La Nuée : Vous n’échapperez pas aux sauterelles

La Nuée de Just Philippot vacille entre un drame social à l’allure réaliste et l’horreur. Une horreur qui n’est pas sans nuances, mélangeant elle-même le fantastique et le gore.

Le spectateur pénètre au sein d’un foyer anxieux, où une mère de famille (Suliane Brahim) qui élève seule ses deux enfants, se retrouve dans une importante crainte financière. Son élevage de sauterelles s’avère particulièrement compliqué. Voilà le spectateur plongé en plein milieu rural, loin des artifices citadines. Mis face à ce dur labeur, où il faut sans cesse s’égratigner les mains pour gagner un tant soit peu sa vie, le propos de l’histoire ainsi que sa représentation (toutefois un brin moins empathique que du Ken Loach) se fait percutante.

Outre un travail difficile qui pèse sur les frêles épaules de Virginie, son autre source d’anxiété principale est la relation qu’elle entretient avec ses deux enfants, Gaston et Laura. Si Gaston est un petit garçon jovial (seule source de gaieté dans l’œuvre), Laura, l’aînée, est en perpétuelle confrontation avec sa mère. L’incompréhension et le mal-être dominent entre les deux présences féminines. Laura ne comprends pas les ambitions de Virginie. Pourquoi sa mère s’épuise-t-elle à la tâche, sans essayer d’atteindre un plus grand objectif de vie ? Pourquoi ces sauterelles occupent-t-elles toute son attention?


D’abord individualisées, les sauterelles se font la métaphore directe de l’état de santé physique et mental de Virginie, qui se dégrade au fil du temps. Plus sa santé se dégrade, plus les sauterelles deviennent inquiétantes, menaçantes et prennent de l’ampleur. Virginie, essayant de joindre les deux bouts entre sa profession d’agricultrice et son quotidien de mère, s’en oublie entièrement. On l’observe avoir oublié tous ses désirs, ne pas s’autoriser à vivre sa féminité.

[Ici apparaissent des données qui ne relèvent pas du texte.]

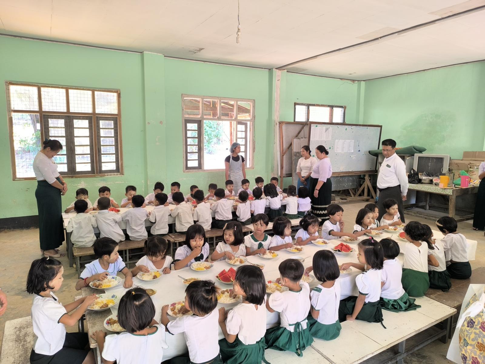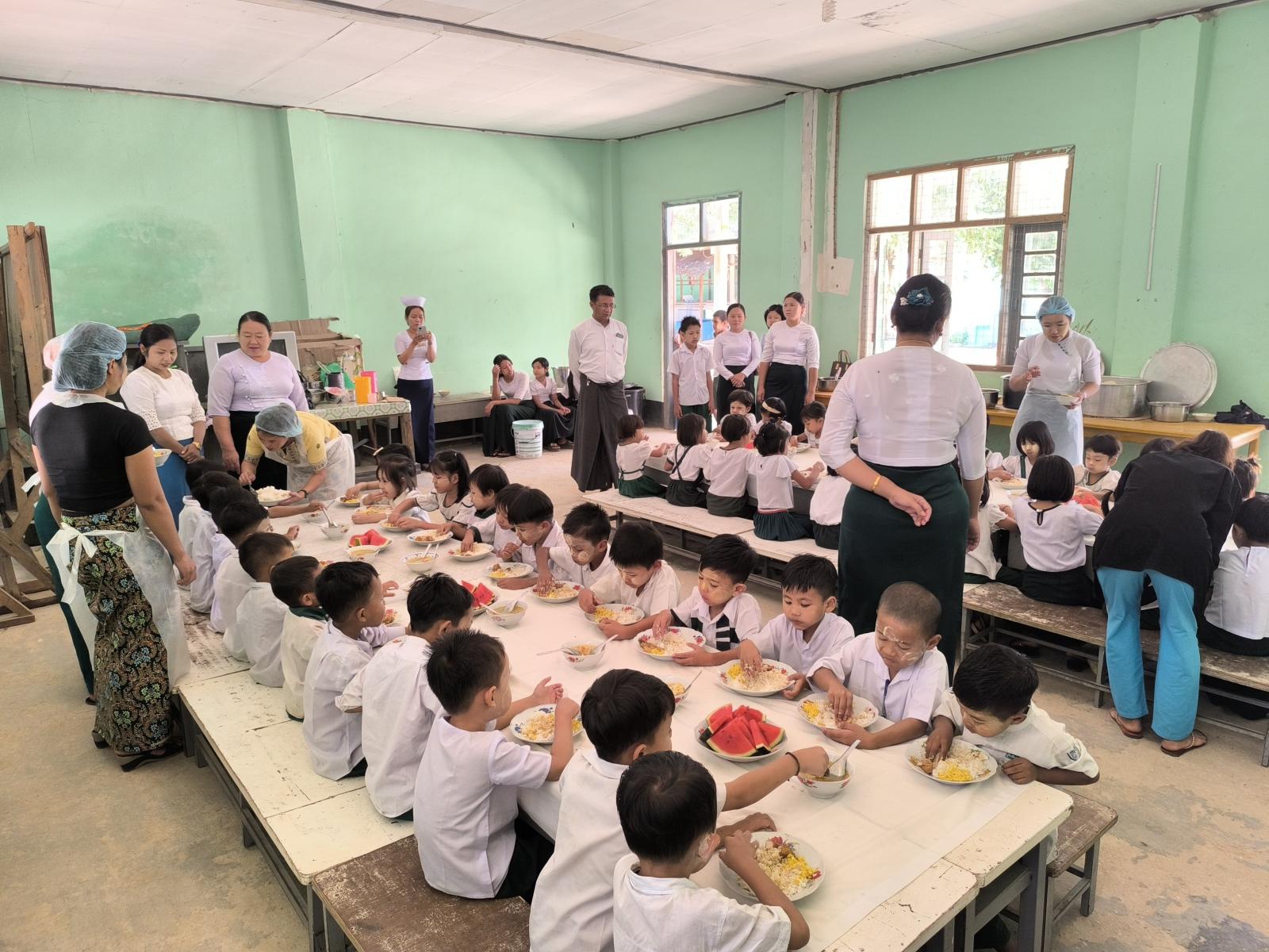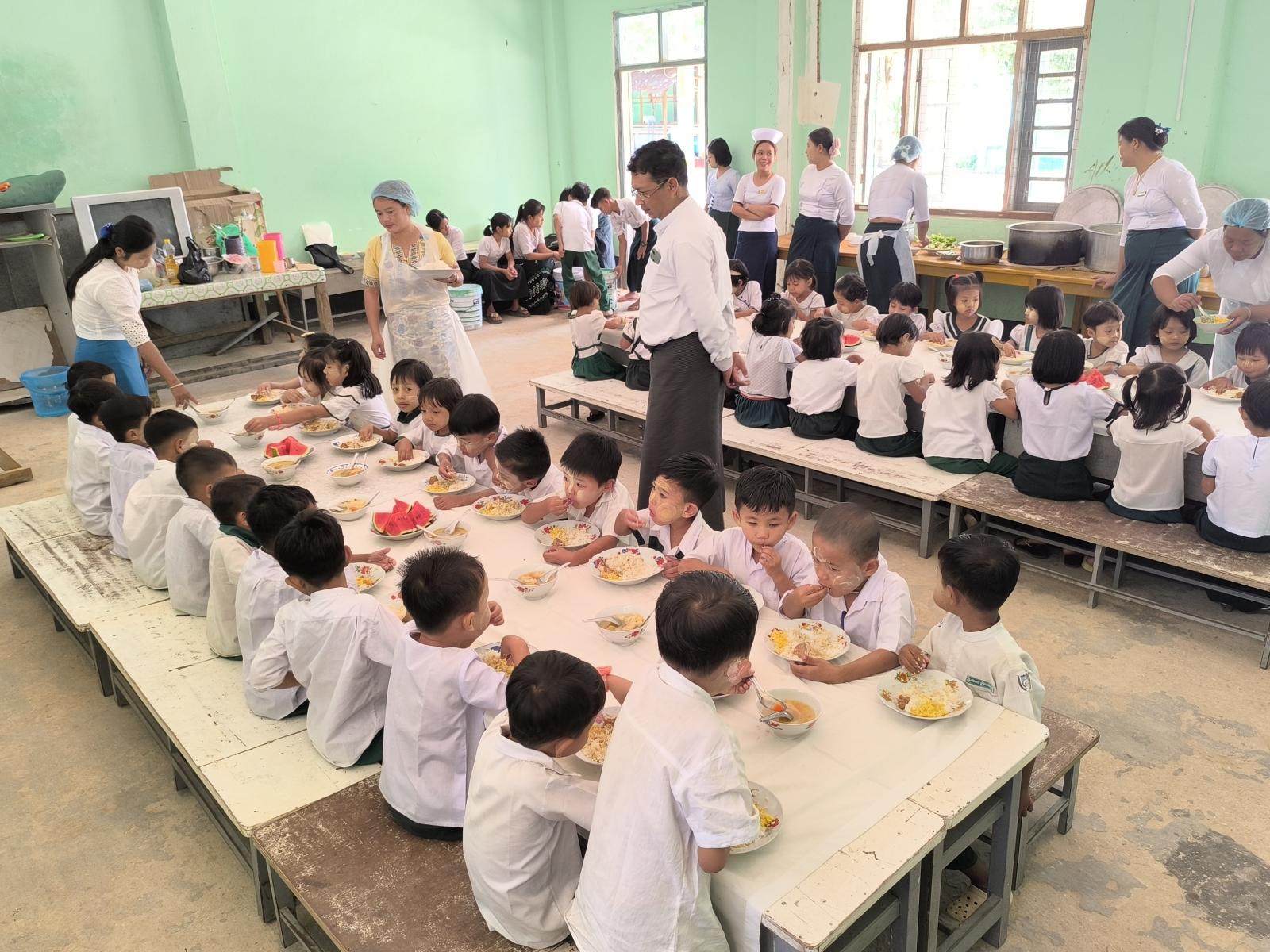 ကျွေးမွေးရာတွင် အာဟာရပြည့်ဝမျှတပြီး ကျန်းမာရေးနှင့်ညီညွတ်သော အစာအာဟာရများကို ချက်ပြုတ်ပြင်ဆင်၍ မြို့နယ်ပြည်သူ့ကျန်းမာရေးဦးစီးဌာနမှူး ဒေါက်တာရဲမင်းဦး၊ မြို့နယ်ပညာရေးမှူး ဒေါ်နုနုလွင်၊ ကျောင်းအုပ်ကြီး ဒေါ်ဌေးဌေးဝင်းနှင့် တာဝန်ရှိသူများက KG ကျောင်းသား၊ ကျောင်းသူ ကလေးငယ်များအား နေ့လယ်စာကျွေးမွေးခဲ့ကြသည်။
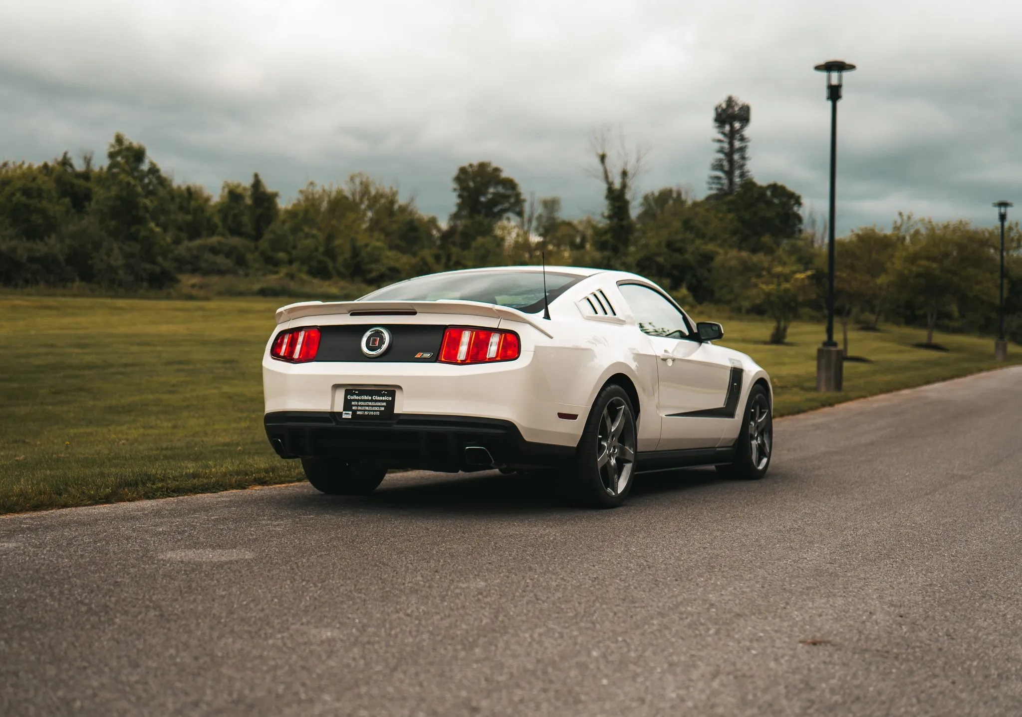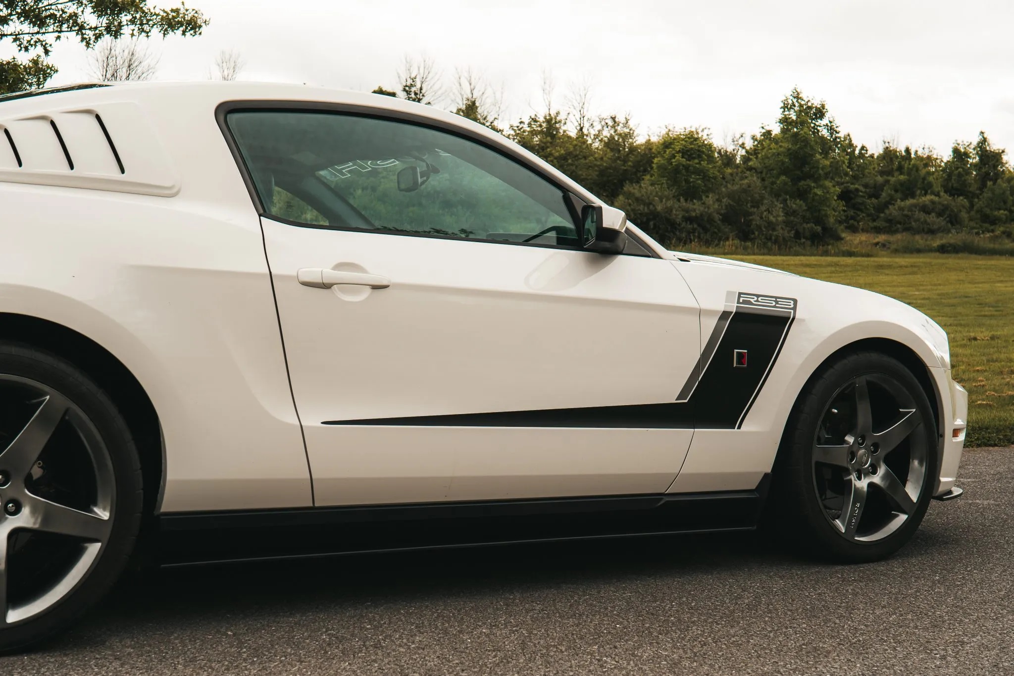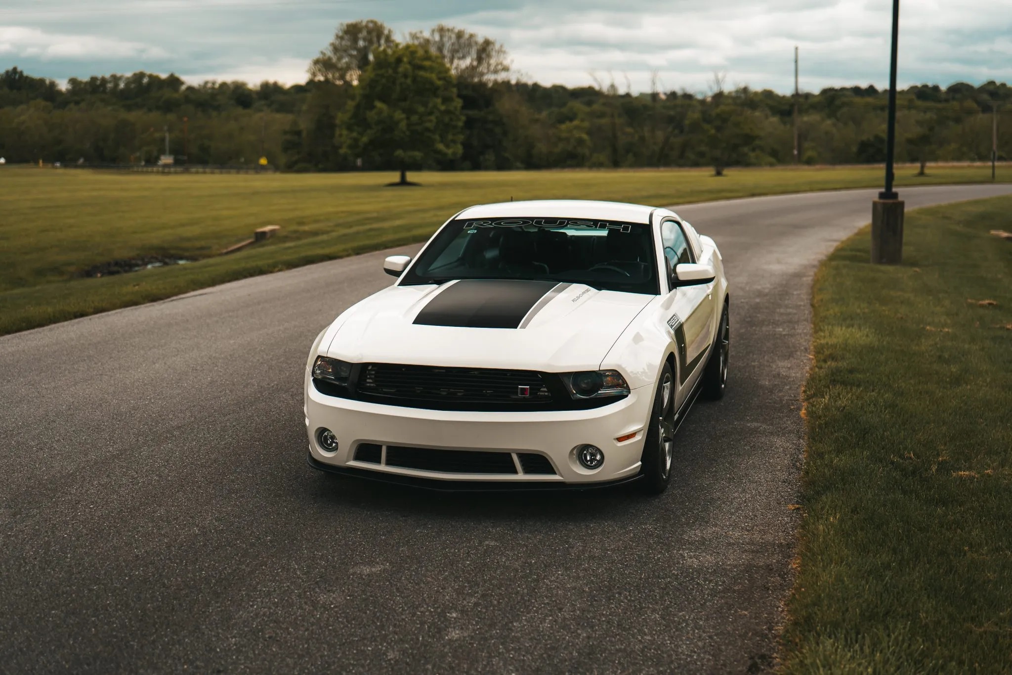 This 2012 Ford Mustang coupe has been upgraded with the Roush Stage 3 package. It boasts a Performance White exterior over Charcoal Black leather upholstery. Key features include 20″ five-spoke forged wheels, HID headlights, fog lights, Roush-specific bodywork, a Roush suspension system, a performance brake kit, a rear spoiler, quarter window louvers, a CD stereo with a Shaker 500 audio system, air conditioning, and cruise control.

Elle disparaît, s’évapore doucement, jusqu’à se laisser engloutir par une dépression qui se devine. Plus elle plonge dans le gouffre, plus les sauterelles prennent le contrôle de son corps. Dévorant sa chaire, peu à peu. Virginie se donne à elles, comme une offrande. Se sacrifie, pour ses enfants. Se sacrifie dans sa vie de femme.

La mise en scène regorge d’ingéniosités et confère une angoisse grandissante. D’abord, la présence récurrente d’une lumière verte, travaillée dans l’œuvre, nous sort d’un réalisme potentiellement attendu. On pivote dans une dimension plus irréelle et même absurde, plus fantastique. Dès lors que son esthétisme apparaît, cette lumière suggère un danger imminent. Les sauterelles, tantôt filmées en très gros plan, maintenus dans des espaces clos, deviennent un brouillard ardent qui sortent de leur espace d’enfermement pour aller pourchasser leurs proies humaines. Une nuée qui engloutit la chair, pénètre les pores de la peau. Une nuée, cet immense tourbillon noir fait de sauterelles, prend tout son sens jusqu’au dénouement. Une nouvelle phobie naît chez le spectateur horrifié. Les sauterelles sont affreusement dérangeantes. Carnivores et voraces, exerçant une emprise véritablement malsaine. Un monstre, auquel on ne s’attend pas.

Aller voir La Nuée en salles, c’est soutenir un cinéma français qui ose sortir d’une zone de confort habituelle. Pas une once de comédie dans le film, mais du drame réinventé. On ne pleure pas, non. On est submergé et bluffé, par la simple force de la suggestion. Le dialogue ne prédomine pas. C’est l’atmosphère qui fait tout le travail, une atmosphère qui s’immisce dans nos entrailles pour nous faire vivre une expérience surprenante.